> **Problem**:
Reproduce the data below in full and to the letter, images excepted.

> **Information provided**:

════════════════

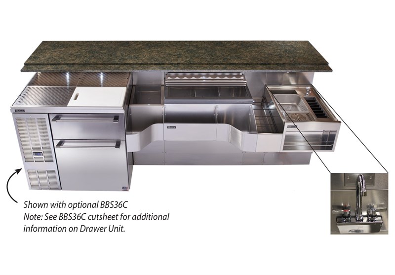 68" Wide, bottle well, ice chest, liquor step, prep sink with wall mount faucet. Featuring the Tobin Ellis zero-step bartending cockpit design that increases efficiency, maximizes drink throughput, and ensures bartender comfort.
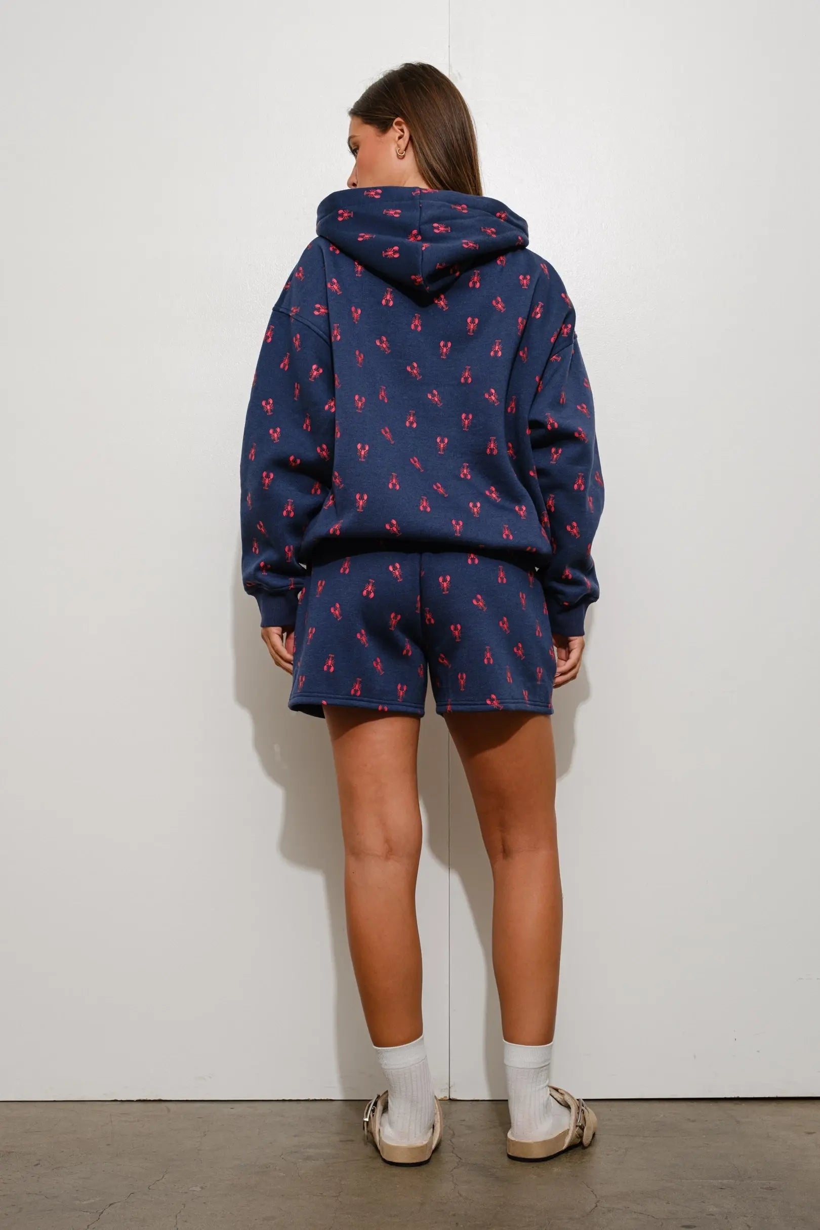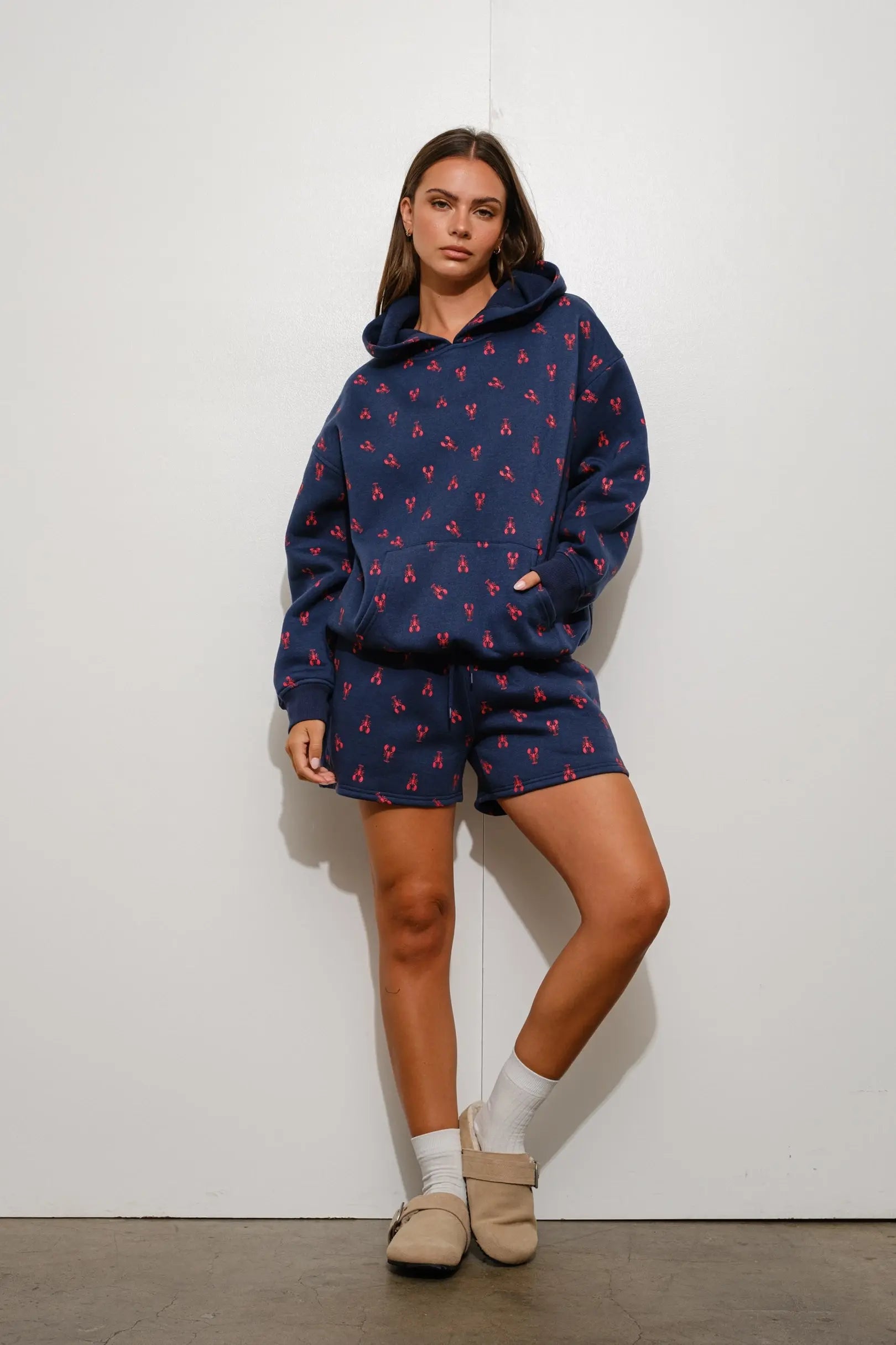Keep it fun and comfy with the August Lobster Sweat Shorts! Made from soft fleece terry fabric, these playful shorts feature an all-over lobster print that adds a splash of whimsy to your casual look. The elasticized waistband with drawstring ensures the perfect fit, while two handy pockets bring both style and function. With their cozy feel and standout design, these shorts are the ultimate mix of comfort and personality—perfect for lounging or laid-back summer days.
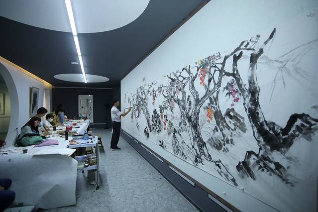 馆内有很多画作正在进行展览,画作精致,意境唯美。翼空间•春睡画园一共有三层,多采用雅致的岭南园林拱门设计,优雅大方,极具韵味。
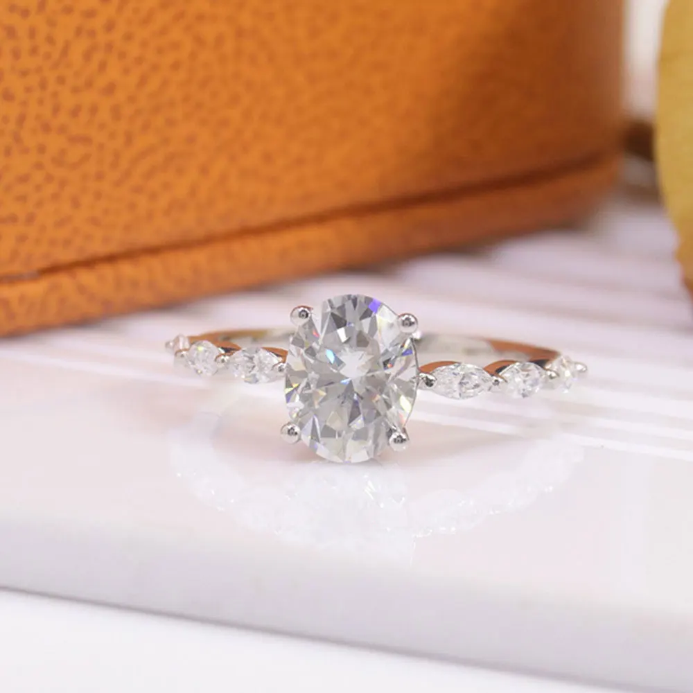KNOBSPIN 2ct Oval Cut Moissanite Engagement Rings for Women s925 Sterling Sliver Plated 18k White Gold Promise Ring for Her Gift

════════════════

> **Task answer**:
 68" Wide, bottle well, ice chest, liquor step, prep sink with wall mount faucet. Featuring the Tobin Ellis zero-step bartending cockpit design that increases efficiency, maximizes drink throughput, and ensures bartender comfort.
Keep it fun and comfy with the August Lobster Sweat Shorts! Made from soft fleece terry fabric, these playful shorts feature an all-over lobster print that adds a splash of whimsy to your casual look. The elasticized waistband with drawstring ensures the perfect fit, while two handy pockets bring both style and function. With their cozy feel and standout design, these shorts are the ultimate mix of comfort and personality—perfect for lounging or laid-back summer days.
 馆内有很多画作正在进行展览,画作精致,意境唯美。翼空间•春睡画园一共有三层,多采用雅致的岭南园林拱门设计,优雅大方,极具韵味。
KNOBSPIN 2ct Oval Cut Moissanite Engagement Rings for Women s925 Sterling Sliver Plated 18k White Gold Promise Ring for Her Gift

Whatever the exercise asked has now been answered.